- Opening Delimiter -

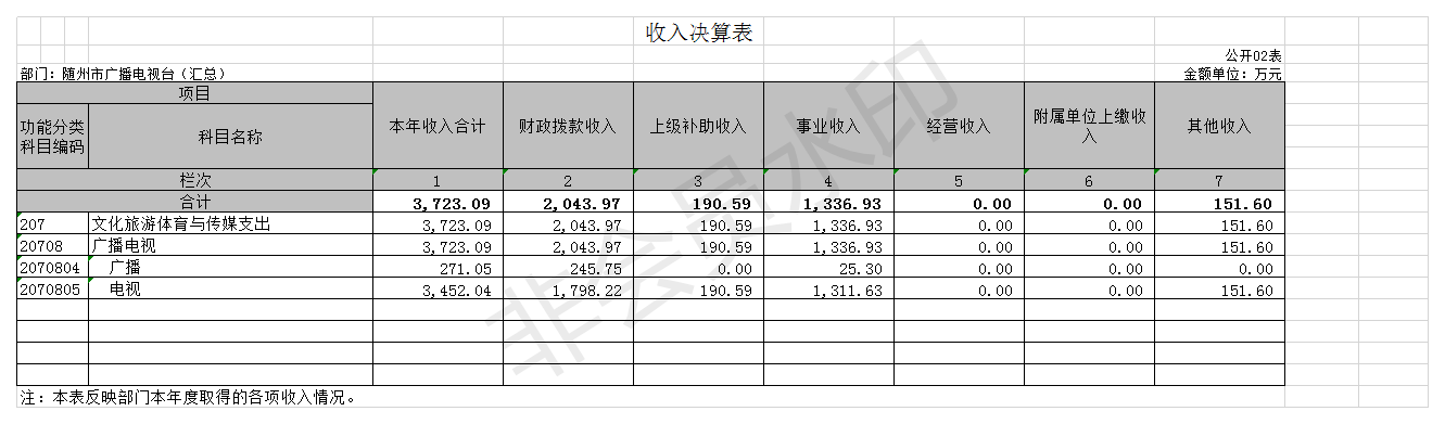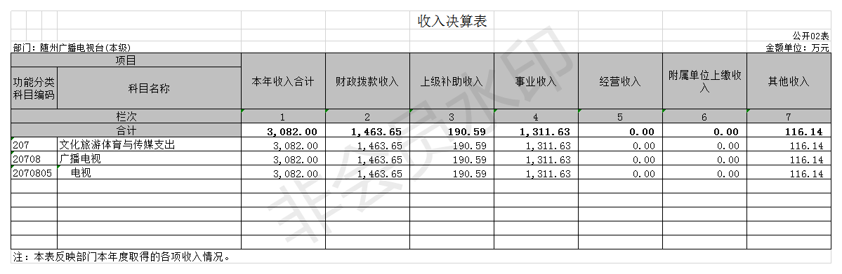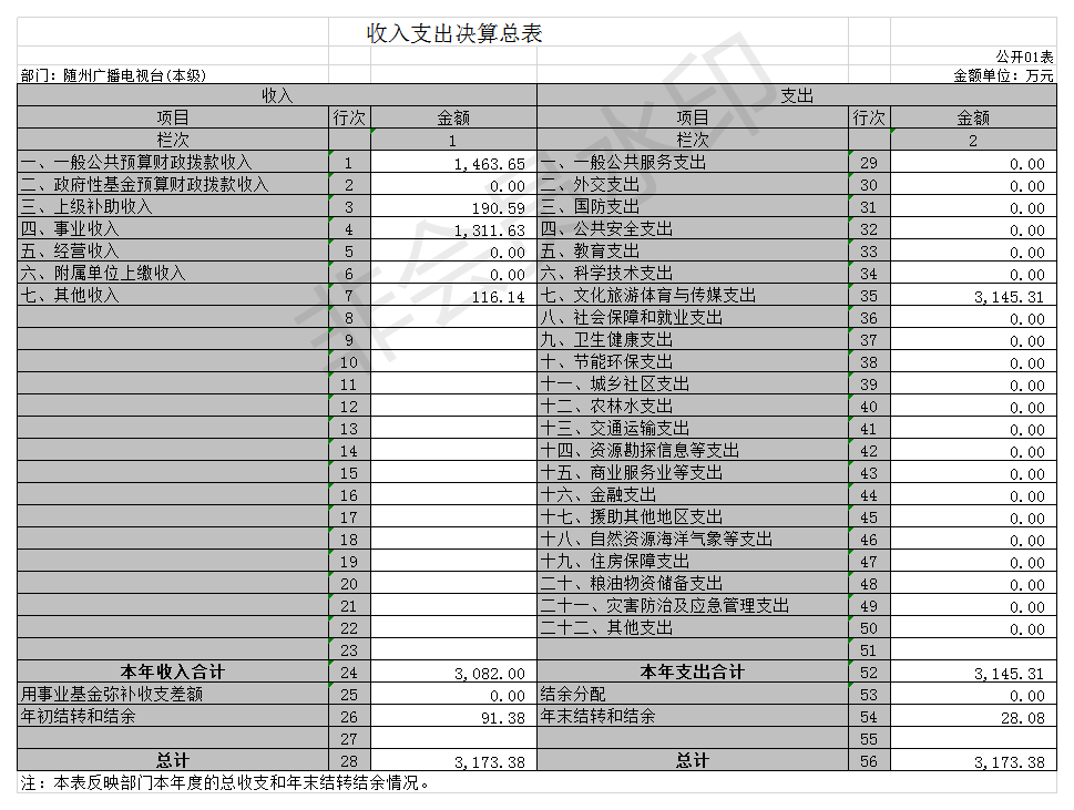 隨州廣播電視臺(本級)2019年收入合計3173.38萬元[較2018年(4242.57萬元)減少1069.19萬元,減少25.2%,主要原因是減少了傳媒中心廣電設備資金及事業收入,和2019年預算(3853.53萬元)相比減少了680.15萬元,減少17.65%]。其中財政撥款1463.65萬元,較2018年(2320萬元)減少了856.35萬元,減少原因是減少了傳媒中心廣電設備資金撥款及事業收入,與2019年預算(2132萬元)相比減少了668.35萬元,主要是減少了傳媒中心廣電設備資金撥款,上級補助收入190.59萬元,其他收入116.14萬元;上年結轉91.38萬元。
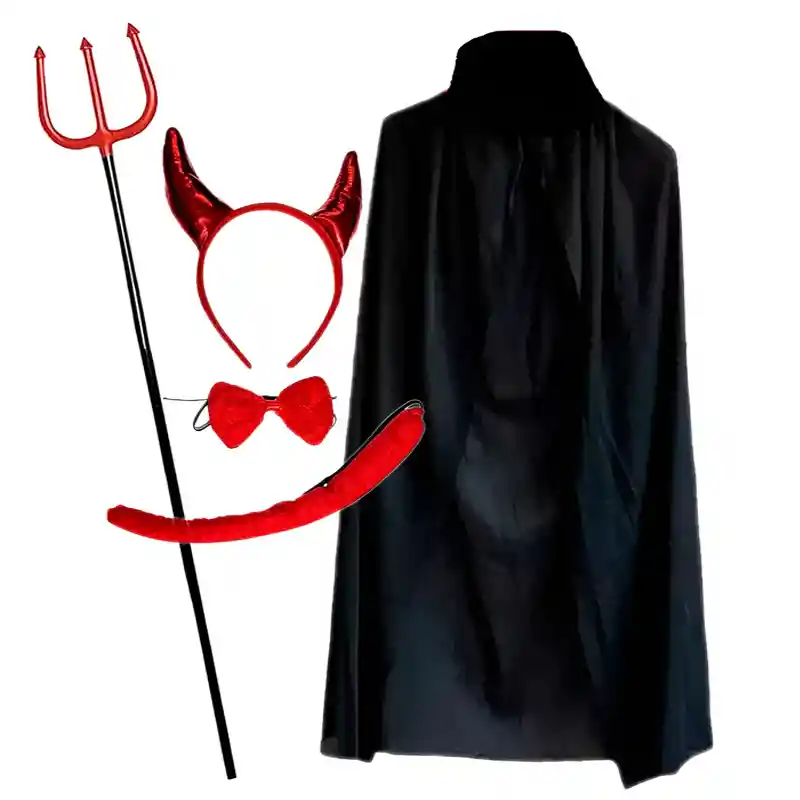 Descripción Dale un toque espectacular a tu disfraz este Halloween con este Kit Demonio de 5 piezas, ideal tanto para hombre como para mujer. Incluye todos los accesorios necesarios para lograr un look llamativo y divertido: cachos de diablo, cola, corbatín, tridente y capa. Perfecto para fiestas de disfraces, presentaciones escolares, eventos temáticos o reuniones con amigos. Fabricado en materiales ligeros y cómodos, es fácil de usar y se adapta a diferentes edades. ¡APROVECHA!: * Producto Nuevo, En su Empaque. * Contenido: Kit de 5 piezas * Somos Distribuidores de la Marca. * Entregas el Mismo Día. (Bogotá) * Disponibles en las REF. y Colores Aptos para ELEGIR. * Kit de 5 piezas: diadema con cachos, cola, corbatín, tridente y capa. * Unisex, ideal para hombres y mujeres. * Material ligero y cómodo, fácil de llevar por horas. * Perfecto para fiestas de Halloween, cosplay y disfraces temáticos. * Accesorio completo para lograr un look de demonio en segundos. Su diseño llamativo y colorido hará que te conviertas en el centro de atención en cualquier fiesta. ---------- kit disfraz demonio halloween, cachos diablo disfraz, tridente capa demonio, kit disfraz halloween hombre, kit disfraz halloween mujer, disfraz demonio completo, combo disfraz halloween, accesorios demonio halloween, disfraz infierno diablo, disfraz halloween adulto, disfraz cosplay demonio, disfraz fiesta halloween, disfraz unisex halloween, disfraz demonio hombres mujeres, kit demonio 5 piezas
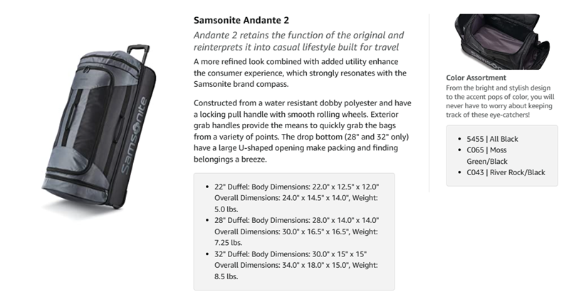 INTRODUCING NEW ANDANTE WHEELED DUFFELS. Andante 2 retains the function of the original and reinterprets it into casual lifestyle built for travel. A more refined look combined with added utility enhance the consumer experience, which strongly resonates with the Samsonite brand compass. The duffels are constructed from a water resistant dobby polyester, and have a locking pull handle with smooth rolling wheels. Exterior grab handles provide the means to quickly grab the bags from a variety of points. The drop bottom (2 larger sizes), and large U-shaped opening make packing and finding belongings a breeze. Available in three sizes and three colors Andante 2 will delight the consumer.
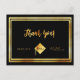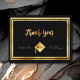 Una tarjeta de agradecimiento para el graduado. Un color de fondo negro y un marco de oro falso. En la parte delantera, un estilo de letra a mano y el texto: ¡Gracias! Graduado 2023 (o cualquier año) y una gorra de graduación, sombrero. Detrás: Plantilla para tu nota de agradecimiento y nombre. Sin color de fondo.
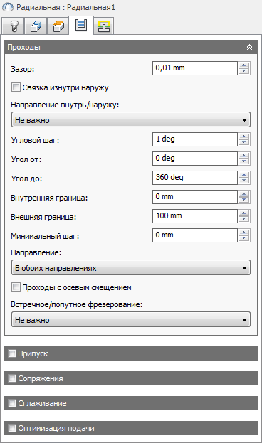 Проходы могут быть связаны в зигзагообразный массив между наружным и внутренним радиусом по направлению изнутри наружу или снаружи вовнутрь. Кроме того, их можно автоматически разделить для получения проходов попутного или встречного фрезерования.
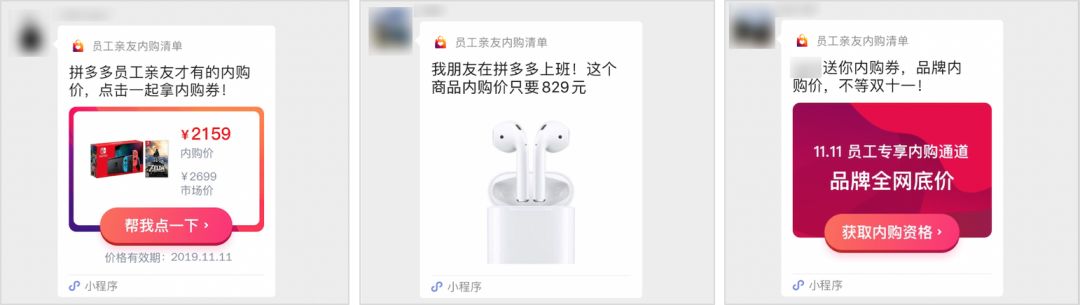 首先,小程序不叫烂大街的什么“限时优惠”,而是叫“员工亲友内购清单”。 “内购”字眼一下子就能抓住用户贪图便宜的心理。而内部员工信息和分享链,则大幅度降低用户戒心,提高了活动的可信度。
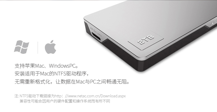 朗科(Netac) K338/2TB USB3.0 移动硬盘 高端合金加密版 2.5英寸 皓月银
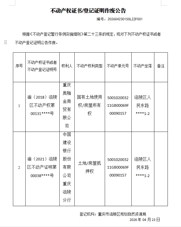 足球竞彩网 不动产作废公告202604230150LZZF001号
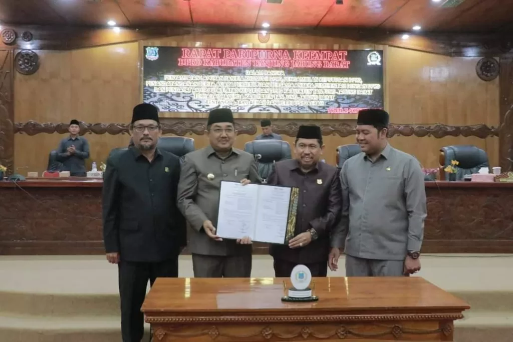 Bupati Tanjab Barat Drs. H. Anwar Sadat, M. Ag dalam sambutannya menyampaikan bahwa dengan disetujuinya Rancangan Peraturan Daerah untuk disahkan peraturan Daerah. Berarti telah mencatat peristiwa penting dalam memegang amanah rakyat untuk menjalankan roda pemerintahan .
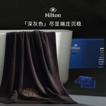 希尔顿酒店浴巾 纯棉A类加大加厚 男女成人浴巾礼盒 深灰150*80cm
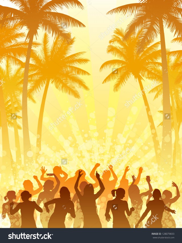 (Graphic: Coconut Palm Trees People Dancing Sun Stock Vector 128079833...

- Closing Delimiter -

• **What is needed**
Restate word for word the lines beginning with the one that contains "Проходы могут быть" and ending with the last line of the listing; pictures stay out.

• **Result of the task**
 Проходы могут быть связаны в зигзагообразный массив между наружным и внутренним радиусом по направлению изнутри наружу или снаружи вовнутрь. Кроме того, их можно автоматически разделить для получения проходов попутного или встречного фрезерования.
 首先,小程序不叫烂大街的什么“限时优惠”,而是叫“员工亲友内购清单”。 “内购”字眼一下子就能抓住用户贪图便宜的心理。而内部员工信息和分享链,则大幅度降低用户戒心,提高了活动的可信度。
 朗科(Netac) K338/2TB USB3.0 移动硬盘 高端合金加密版 2.5英寸 皓月银
 足球竞彩网 不动产作废公告202604230150LZZF001号
 Bupati Tanjab Barat Drs. H. Anwar Sadat, M. Ag dalam sambutannya menyampaikan bahwa dengan disetujuinya Rancangan Peraturan Daerah untuk disahkan peraturan Daerah. Berarti telah mencatat peristiwa penting dalam memegang amanah rakyat untuk menjalankan roda pemerintahan .
 希尔顿酒店浴巾 纯棉A类加大加厚 男女成人浴巾礼盒 深灰150*80cm
 (Graphic: Coconut Palm Trees People Dancing Sun Stock Vector 128079833...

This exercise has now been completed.